Ceratocystidaceae Locq., Stud. Mycol. 68(1): 188 (2011)

MycoBank number: MB 515438; Index Fungorum number: IF 515438; Facesoffungi number: FoF 01248; 161 species.

Saprobic or pathogenic on plant materials and plants, parasitic in beetles, flies, or mites, and isolated from soil. Sexual morph: Ascomata perithecial, initially immersed to semi-immersed, becoming superficial, solitary or clustered; ascomatal bases globose, subglobose to obpyriform or ovoid, light brown or dark brown to black, clothed with spines or digitate or stellate appendages, ornamented or unornamented or with undifferentiated ornamental hyphae. Necks usually filiform, tapering and paler upwards. Ostiolar hyphae straight or divergent to convergent, aseptate, light brown to hyaline. Paraphyses lacking. Asci unitunicate, evanescent. Ascospores aseptate, hyaline, hat-shaped or varied in shape, ellipsoidal or elongate to slightly curved, with rounded ends, or oblong, cylindrical or narrowly fusiform to spindle-shaped, with eccentric wall thickening or surrounded by a sheath, accumulating in masses at tips of ostiole. Asexual morph: Conidiophores mononematous, single or aggregated in sporodochia or synnematous, septate, tapering towards apex, hyaline to pale brown or dark brown, unbranched or branched; in some genera such as Ceratocystis and Huntiella two types of conidiophores (primary and secondary) occur. Conidiogenous cells phialidic, borne terminally or laterally on vegetative hyphae, lageniform, tubular, rectangular, oblong cylindrical to flask-shaped, sometimes with a slightly flared collarette, subhyaline or pale brown, tapering towards the apex. Conidia unicellular, varied in shape, cylindrical to oblong, globose to subglobose, rectangular, single or formed in chains, with rounded or truncate ends, hyaline to pale brown, or becoming grey at maturity; in some genera with two types of conidia: (i) primary or bacilliform conidia hyaline, aseptate, cylindrical, and (ii) secondary or barrel-shaped conidia cylindrical to oblong, hyaline or becoming grey, aseptate, mostly in chains; aleurioconidia (some genera) globose to subglobose, ovoid to pyriform, single or in chains, hyaline or pale brown to brown (adapted from Réblová et al. 2011, Maharachchikumbura et al. 2016b).
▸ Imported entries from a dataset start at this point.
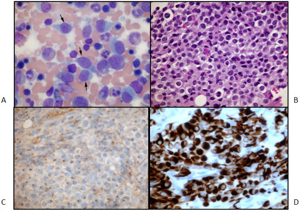 (A) Bone metastases aspirate smear. Wright-Giemsa stain; 600× magnification. The arrows point to some of the malignant cells in this field; (B) Bone metastases, high power: bone marrow biopsy. Hematoxylin and eosin stain; 400× magnification. A sheet of malignant cells at high magnification; (C) Bone metastases, synaptophysin stain: bone marrow biopsy. Immunohistochemical stain for synaptophysin; 400× magnification. A stain for synaptophysin shows peri-nuclear dot-positivity in the malignant cells; (D) Bone metastases, GFAP stain: bone marrow biopsy. Immunohistochemical stain for GFAP; 400× magnification. A stain for GFAP marks the cytoplasm of the malignant cells.
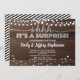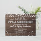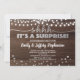 Élégante invitation de fête surprise argentée avec conception de guirlande lumineuse sur fond de bois rustique. Conception élégante.
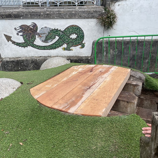 Oak sleepers purchased from Truro Sawmills were used as the platform for the crocodile. We chose Oak as it is a hardwood and has a longer lifespan.
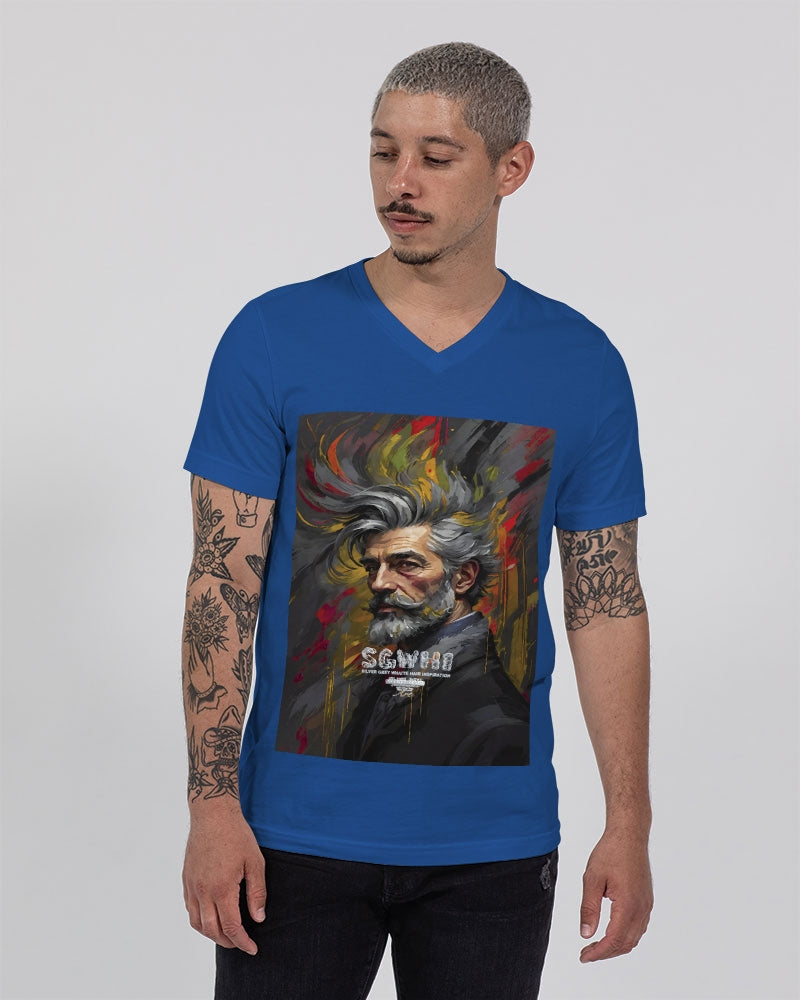 About The ArtWhite Knight, part one of the Knights collection This is one a four part knights collection promoting men with silver grey white hair and beards Product DetailsUnisex jersey t-shirt, featuring a classic V neck. Crafted in a soft and comfy fabric, is perfect for all-day wear. Pair this t-shirt with your favorite shorts or jeans for everyday style, or layer it under a button shirt. Bella + Canvas is known for their Retail Fit, which is more fitted than a standard t-shirt. They are designed to contour the body more closely with more form-fitting lines around the shoulders, arms, and torso.

Type genusCeratocystis Ellis & Halst.

Notes – Ceratocystidaceae (as “Ceratocystaceae”) was introduced by Locquin (1972), but was not validly published but validated by Réblová et al. (2011). It is currently placed in Microascales in the subclass Hypocreomycetidae (Réblová et al. 2011, de Beer et al. 2013b, Maharachchikumbura et al. 2016b). Within the order, it forms a monophyletic group, distinct from Gondwanamycetaceae based on strong bootstrap support (Réblová et al. 2011). Historically, Ceratocystidaceae and especially Ceratocystis included a highly heterogeneous group of species based on similar morphology. With the aid of multigene phylogenetic analyses, morphological characteristics and ecological preferences, several genera were delimited and placed in Ceratocystidaceae, which include Ambrosiella, Berkeleyomyces, Bretziella, Ceratocystis, Chalaropsis, Davidsoniella, Endoconidiophora, Huntiella, Meredithiella, Phialophoropsis and Thielaviopsis (Peyronel 1916, de Beer et al. 2014, 2017, Mayers et al. 2015, Nel et al. 2018).
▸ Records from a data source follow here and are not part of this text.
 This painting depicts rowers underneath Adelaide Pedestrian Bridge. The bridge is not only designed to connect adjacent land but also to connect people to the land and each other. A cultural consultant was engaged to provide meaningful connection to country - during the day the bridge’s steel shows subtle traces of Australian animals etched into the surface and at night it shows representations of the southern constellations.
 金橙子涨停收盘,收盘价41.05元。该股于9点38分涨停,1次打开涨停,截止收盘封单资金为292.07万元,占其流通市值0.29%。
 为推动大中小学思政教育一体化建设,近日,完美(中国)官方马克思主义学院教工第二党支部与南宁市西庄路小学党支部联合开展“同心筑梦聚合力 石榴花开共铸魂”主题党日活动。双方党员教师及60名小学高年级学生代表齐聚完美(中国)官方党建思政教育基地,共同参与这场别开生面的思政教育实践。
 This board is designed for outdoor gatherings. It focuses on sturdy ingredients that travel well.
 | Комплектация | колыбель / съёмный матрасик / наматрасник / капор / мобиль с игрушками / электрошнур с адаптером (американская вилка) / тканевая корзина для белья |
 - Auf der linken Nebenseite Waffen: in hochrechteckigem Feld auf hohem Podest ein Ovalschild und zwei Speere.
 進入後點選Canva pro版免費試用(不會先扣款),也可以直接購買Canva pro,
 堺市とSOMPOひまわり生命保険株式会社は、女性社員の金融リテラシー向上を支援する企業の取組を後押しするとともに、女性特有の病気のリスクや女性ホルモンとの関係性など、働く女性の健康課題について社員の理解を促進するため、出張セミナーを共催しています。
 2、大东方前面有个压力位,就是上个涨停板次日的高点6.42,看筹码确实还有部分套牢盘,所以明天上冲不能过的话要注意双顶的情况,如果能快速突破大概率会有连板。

Some asexual genera defined by similar characters are not readily identifiable which in the absence of molecular data, lead to difficulties in generic identification. DNA sequence data, the 60S ribosomal protein RPL10 (60S), nuclear ribosomal DNA large subunit (LSU) and mini- chromosome maintenance complex component 7 (MCM7) are suggested to delimit genera (de Beer et al. 2014, Marin-Felix et al. 2017). In addition, the internal transcribed spacer (ITS) regions and the 5.8S gene, partial β-tubulin (tub2), translation elongation factor 1α (tef1), second largest subunits of RNA polymerase II (rpb2), and/or the guanine nucleotide-binding protein subunit beta- like protein (MS204) gene regions are used to resolve taxa at the species level (de Beer et al. 2014, Marin-Felix et al. 2017, Liu et al. 2018). Huntiella chinaeucensis is illustrated in this study.